Толпа попятилась и, убоявшись обнаженного тупого тесака, кинулась врассыпную.
Замордованный, забитый, но своевольный и отчаянный народ на бегу зло перекликался:
- А что, не верно, что ли? Немка и есть… Скоро, скоро объявится царь-батюшка Петр Федорыч!..
- Слых есть, в народе скрывается, сердешный… Промежду нас бродит.
- Пущай только на Москву придет да ручкой поманит, все к нему прилепимся!
- Ой, ой, теките, чадцы Христовы, опять беспалый гонится! - и раскольник, подобрав полы и пригибаясь, скрылся в толпе, как медведь в трущобе.
- Други, други! - взывал бежавший рядом с Хряповым горбатый подьячий-старикашка. Напяленный на его лобастую голову гарусный колпак жалко свисал к левому плечу и встряхивался. - Нет ли у кого на шкалик?.. А солененький огурчик на закусочку у меня вот он-он… Свежепросольный.
- Пойдем выпьем, - с готовностью предложил запыхавшийся мясник.
Они стали наискось пересекать большую набитую народом площадь.
Останавливались возле шумных кучек праздного, озлобленного люда. В каждой кучке - свой крикун. То старый солдат на деревяшке, то брошенный на произвол судьбы дворовый человек, то запуганный церковными властями загулявший попик в драной шляпе грибом, или наказанный плетьми нагрубивший начальству посадский человек, или убежавший из лазарета фабричный. Но больше и громче всех орали ядреные московские бабы и беззубые старухи.
- Бани закрыли-припечатали!.. Где рабочему люду грешные телеса помыть? Озор-р-ство!..
- В карантены проклятые без разбору волокут. Из здоровых покойничков вырабатывают… Ха!
- Всю Москву извести хотят, весь простой люд.
- Бунт надо зачинать.
- Бунт, бунт! Это верно, - подхватывает народ, сторожко озираясь, как бы не угодить в лапы вездесущих будочников.
Мясник Хряпов ткнул подьячего в горб:
- Пойдем, а то как кур во щи попадешься тут.
- Да, да… Шумок зачинается… - подмигнул подьячий. - Шумит Москва-матушка, шумит. Да дож-ду-утся! А я люблю. Во мне, милый мой, такожде кипит все. Я человек обиженный. Шагай!
Свернув в переулок, они подошли к питейному дому с красной вывеской.
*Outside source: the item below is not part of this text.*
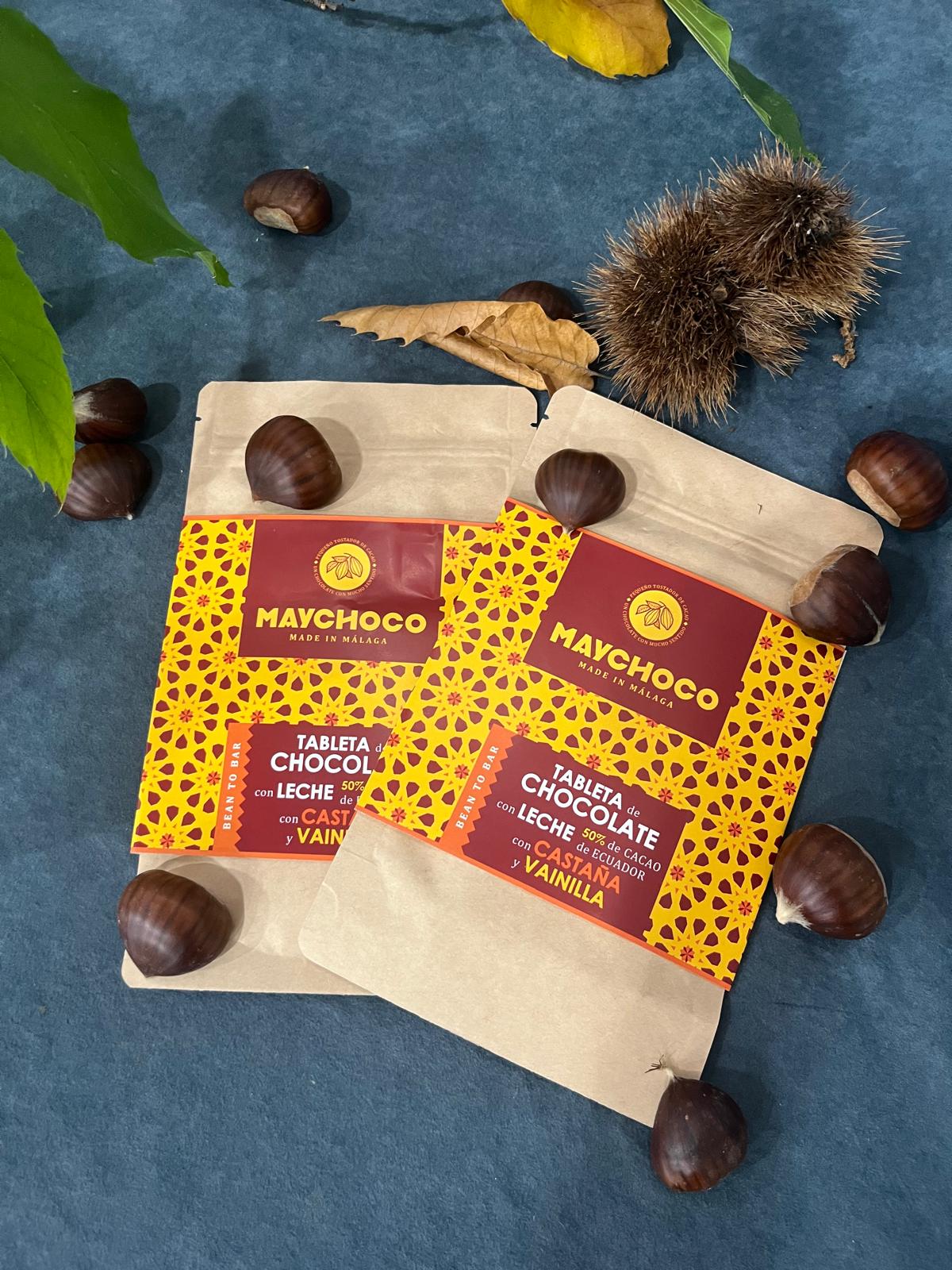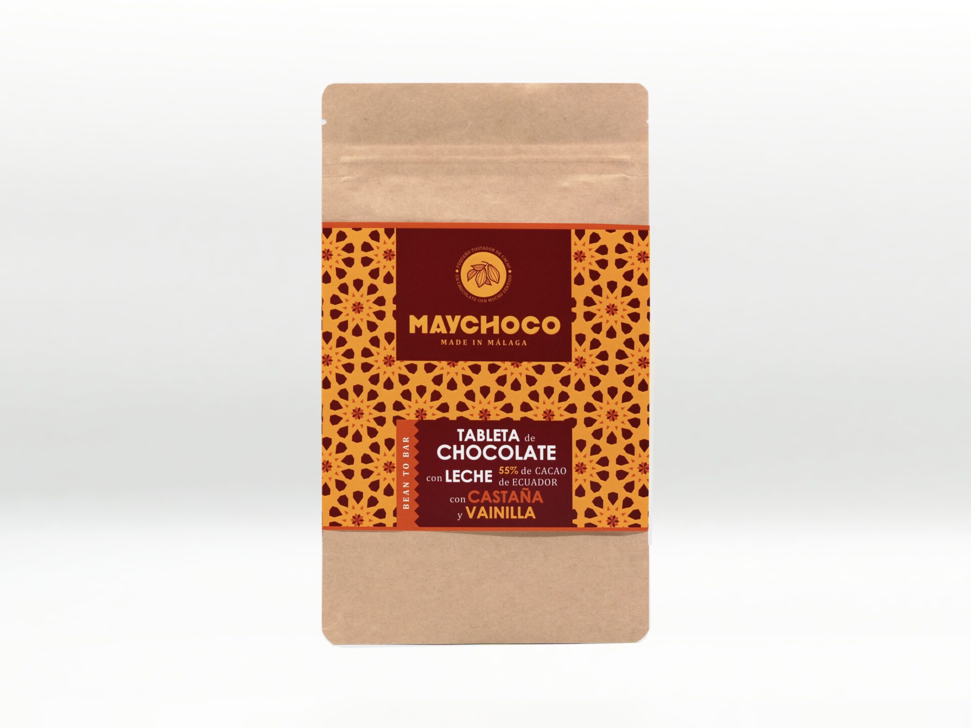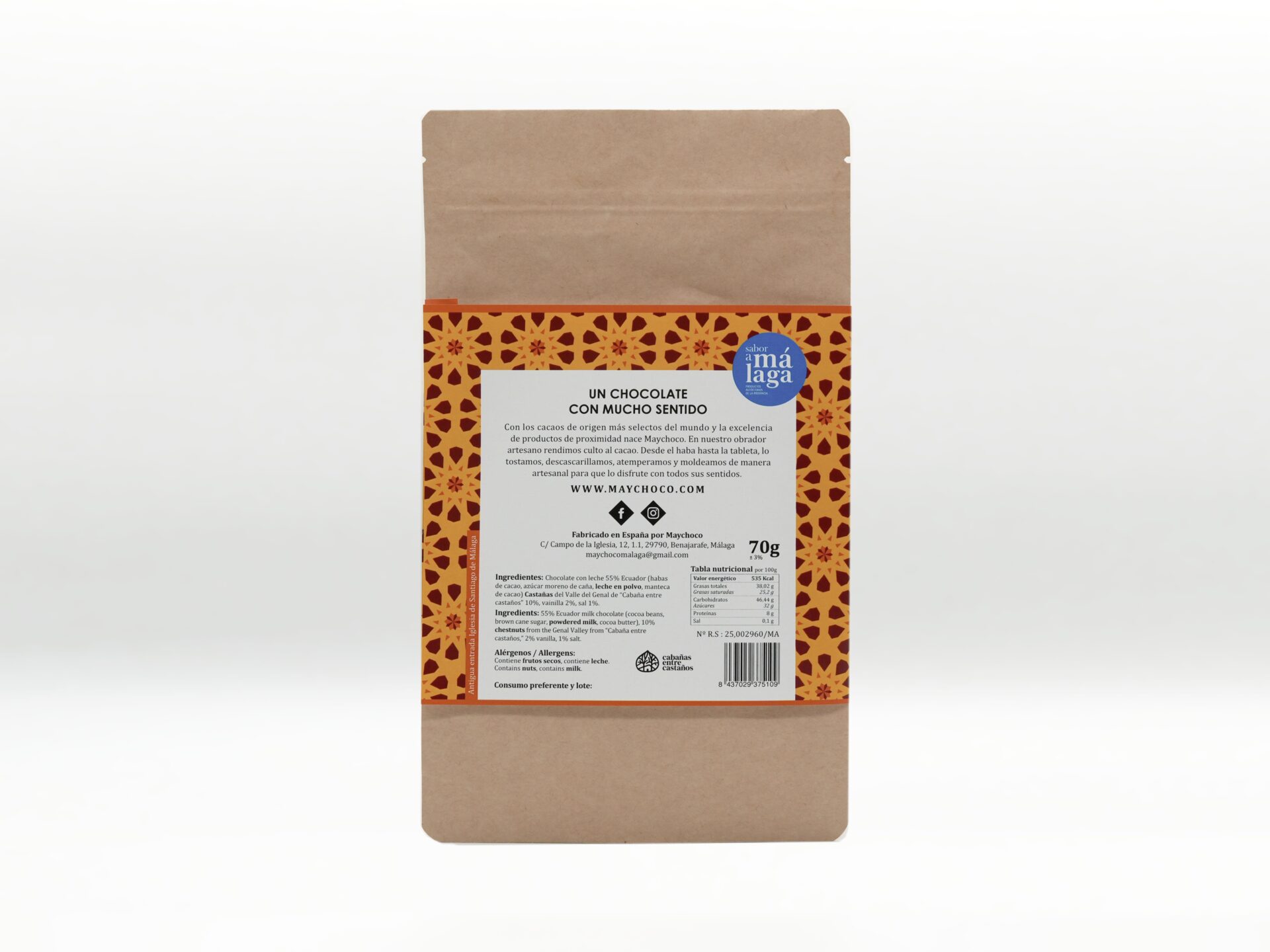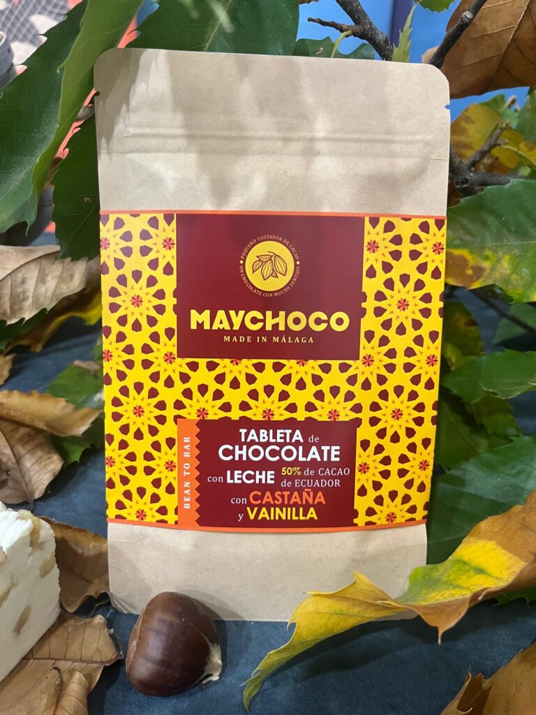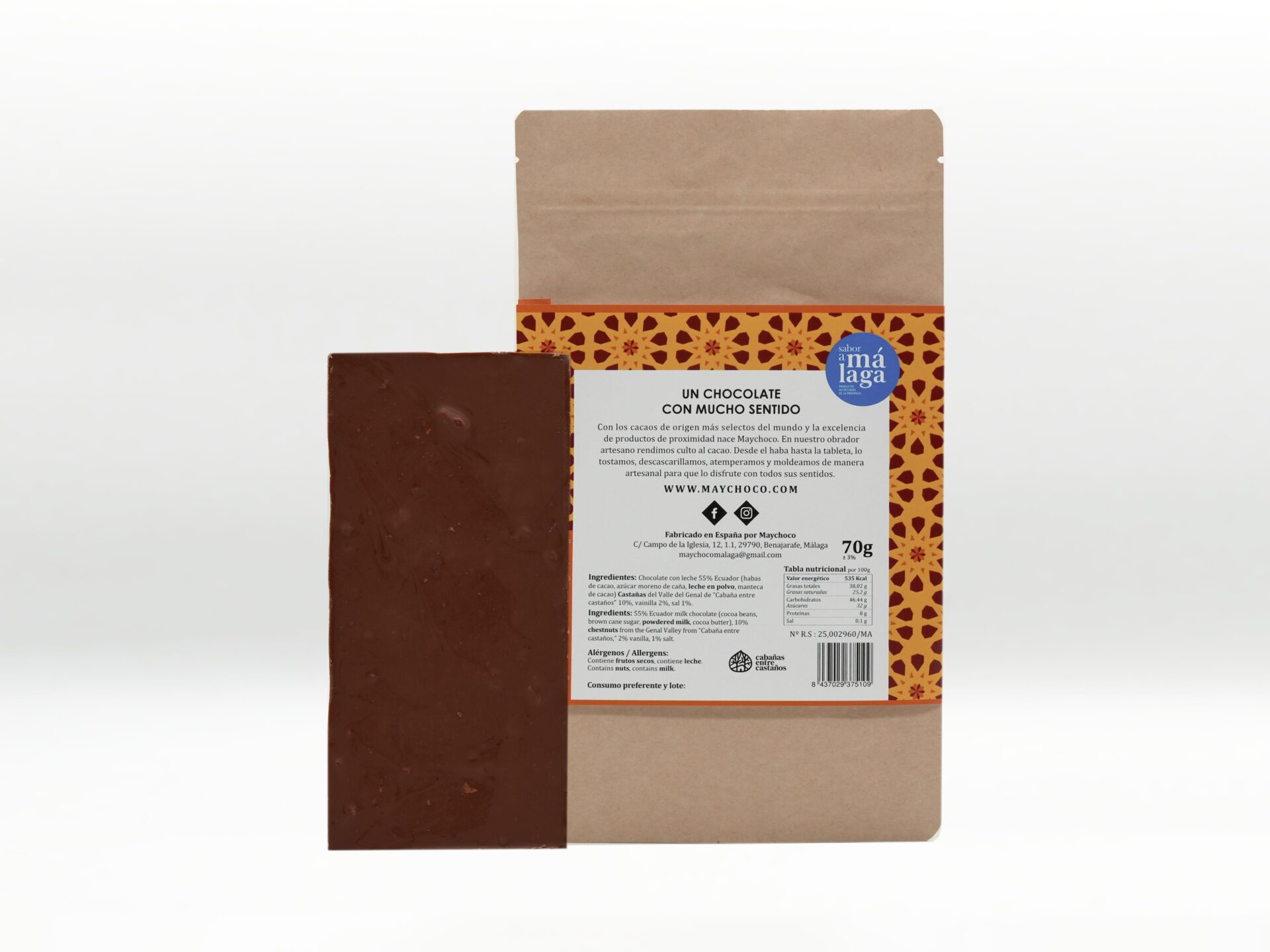 Esta tableta artesanal combina el mejor cacao de Manabí (Ecuador) con la auténtica castaña del Valle del Genal, con colaboración de «Cabaña entre Castaños» un fruto emblemático de Málaga. Su sabor suave y tostado se funde con la cremosidad del chocolate con leche 50% cacao, dando lugar a una experiencia única que celebra los sabores de nuestra tierra.
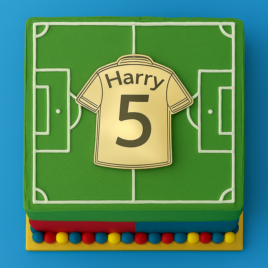 Make your cake unforgettable with this stylish and personalised football shirt charm — a must-have for any football lover’s special day.

В дом их не пустили, на стук в запертую дверь - крикнули:
- Идите к окошку! Ослепли, что ли?
В открытое окно вставлена железная решетка. Мясник, заглядывая с улицы в дом, потребовал два добрых шкалика тминной. Целовальник налил, сказал сквозь решетку: "Кладите деньги об это место" и высунул на улицу кринку с уксусом.
Мясник бросил в уксус полтину серебром. Целовальник извлек ее щипцами, опустил в кринку восемь медных пятаков и, протянув из-за решетки мяснику щипцы, проговорил:
- Получи, почтенный, сдачу.
Опорожнив шкалик, горбун-подьячий прогнусил тенорком:
- Дивны дела твои, господи… Деньги в уксус, а из шкаликов твоих, может, пред нами какой чумовой трескал. Ты их в уксус-то макал?
Шкалики-то?
- Нет, - ответил целовальник, - повелено токмо деньги в уксусе мочить.
После третьего шкалика подьячий загнусил песню и, сорвав шаль с горба, стал помахивать ею и приплясывать. Но сухое морщинистое личико его было печально, красные глаза в слезах.
- Пошагаем в Кремль, - сказал он, заикаясь, - я кой-что тебе покажу там. Я все порядки знаю. Ох, мил человек, кругом зело паскудно… Тяжко, тяжко человеку жить. А наипаче мне. Живу в Москве, в немалой тоске… Дыра-дело, дыра-дело…
Они двинулись но Сретенке, по Большой Лубянке. Подьячий то и дело показывал по сторонам:
- Ишь, сколько много домов-то заколочено. И там, и вот тут, и во дворе еще… Царица ты моя небесная! Это все выморочные. И хозяева в земле.
В церквах благовестили к обедне. Дорога пыльная, без мостовой, только на перекрестках проложены из крупных булыг тропки, да попадались деревянные настилы возле барских и богатых купеческих домов. По краям дороги росла чахлая трава, чертополох, крапива, а иные непроезжие тупички зеленели, как сельский выгон, там паслись козы, тупорылый бык лежал и, раздувая ноздри, нюхал воздух. Изредка встречались пешеходы, кто в церковь, кто с корзинкой на базар.
Глава 4
Красная площадь. Зодчий Баженов и Архиепископ Амвросий
1
На Красной площади было почище и народу значительно меньше, чем на Сухаревке. Возле Лобного места паслись на травке привязанные к деревянным рогаткам две козы - они принадлежали будочнику, который тут же прохаживался возле своей будки, раскрашенной наискось белыми и черными полосами. В торговых каменных рядах купцы и приказчики, заложив назад руки и поплевывая, от нечего делать глазели на площадь или, поддев горсть овса, бросали стайке сизокрылых голубей.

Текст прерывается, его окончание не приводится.